Wednesday, October 24, 2012

Mormonism as Pathology

A lot of us have pondered out loud and in the blogosphere about how Mitt Romney can be a "severe conservative" a year ago, but suddenly and inexplicably claim moderate leanings in the past three weeks.  We've all joked about the Etch-a-Sketch meme birthed by Romney's own campaign manager, and it seems plausible enough.  But one thing has bugged me: when you see Romney on the debate stage or on the stump or in interviews now sounding every bit the moderate Republican he claimed to be 10 years ago as Massachusetts governor, he seems utterly comfortable now inhabiting the skin that the GOP base routinely calls RINO.

"Etch-a-Sketch" offers a pretty solid analogy for this ideological shift, as well as for Mitt's seeming comfort with the new persona.  But it doesn't explain what makes him tick.  I wanted something deeper.

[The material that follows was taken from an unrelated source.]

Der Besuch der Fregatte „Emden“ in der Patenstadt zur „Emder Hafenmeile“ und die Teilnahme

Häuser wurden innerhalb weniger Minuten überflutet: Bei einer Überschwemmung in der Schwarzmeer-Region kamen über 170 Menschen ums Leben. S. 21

Today, along comes my favorite conservative, Andrew Sullivan, who yesterday posted a scathing piece about the LDS Church's racism based in scripture and the writings of the religion's founders.  His point in that piece was that the LDS Church until 1978 declared that African Americans were "cursed with the sin of blackness" and excluded then suddenly and inexplicably reverse course without apology or explanation.  Why, when asked if the previous policy was wrong, does Romney fail to answer the question?

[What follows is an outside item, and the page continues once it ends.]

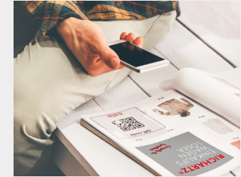
... als Kollektionsartikel

In most people carrying that level of cognitive dissonance, the moment someone exposes it, it shows up on the face, in the voice, in the body language, or in the temperament.  I don't see it on his face or body, don't hear it in his voice, and don't feel it in his temperament.  In other words, he's either a liar of superhuman dimensions, or he simply doesn't experience the dissonance for some psychological reason.

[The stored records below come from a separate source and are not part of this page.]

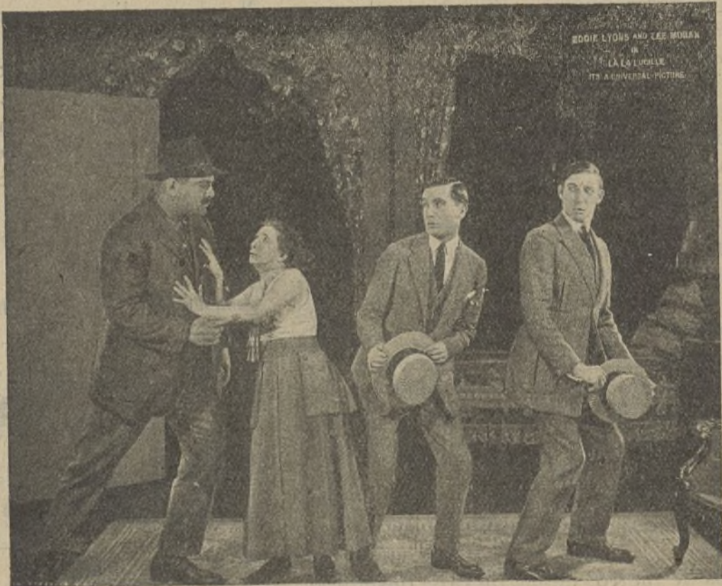
Una escena de la película «Divorcio de Lucile»

lada, libra encarnizada lucha con sus carceleros y busca la salvación en la envergadura del navío. Seguida por los ojos de sus imponentes enemigos que no pueden alcanzarla, gana la extremidad de una verga y una zambullida magistral la otorga, en premio a su arrojo, la libertad.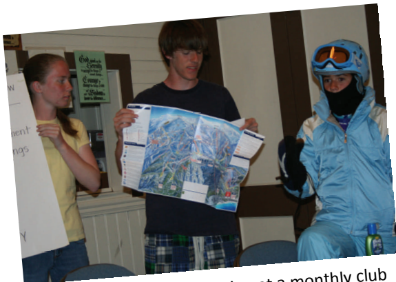
Giving a skiing presentation at a monthly club meeting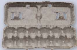
Paper egg cartons Envases de cartón para huevos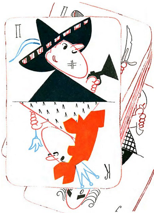
Рисунок Л. Токмакова к сказке «Джельсомино в стране лжецов»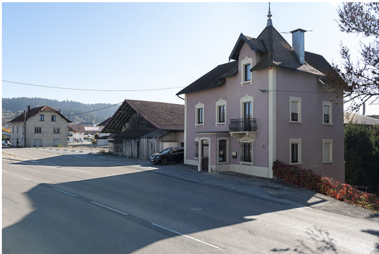
Vue d'ensemble du site, depuis l'ouest. Au premier plan, maison bâtie entre 1928 et 1938.

In a post highlighting reader dissents, a reader takes Sullivan to task for not having "fully grasped just how the continuing revelation thing works for Mormons: what is said today by Church leadership takes precedent over what went before. And to claim that this is done 'casually' is to betray ... ignorance on the question."  Indeed, the church believes that once the church leadership has ruled on an issue, nothing anyone ever said in the past which contradicts that ruling "make[s] a particle of difference."  What this tells me is that, once Mitt Romney has changed course on an issue, nothing contradictory he said or did before announcing the new position matters.  A year ago he was a "severe conservative," but on October 3 at the first debate, he was a moderate.  It was like the severe conservative never existed, and nothing he said on the stump during the primary campaign had any bearing on what he's been saying today.  Therefore, the church offers a much more concrete pathology than Etch-a-Sketch, at least for me.

I don't hold any particular opinion on the LDS Church, but feel particularly uneasy about a person who can, with the precision of an automaton or, perhaps, the Inner Party of Orwell's 1984, suddenly say, "I'm a moderate, and I've always been a moderate."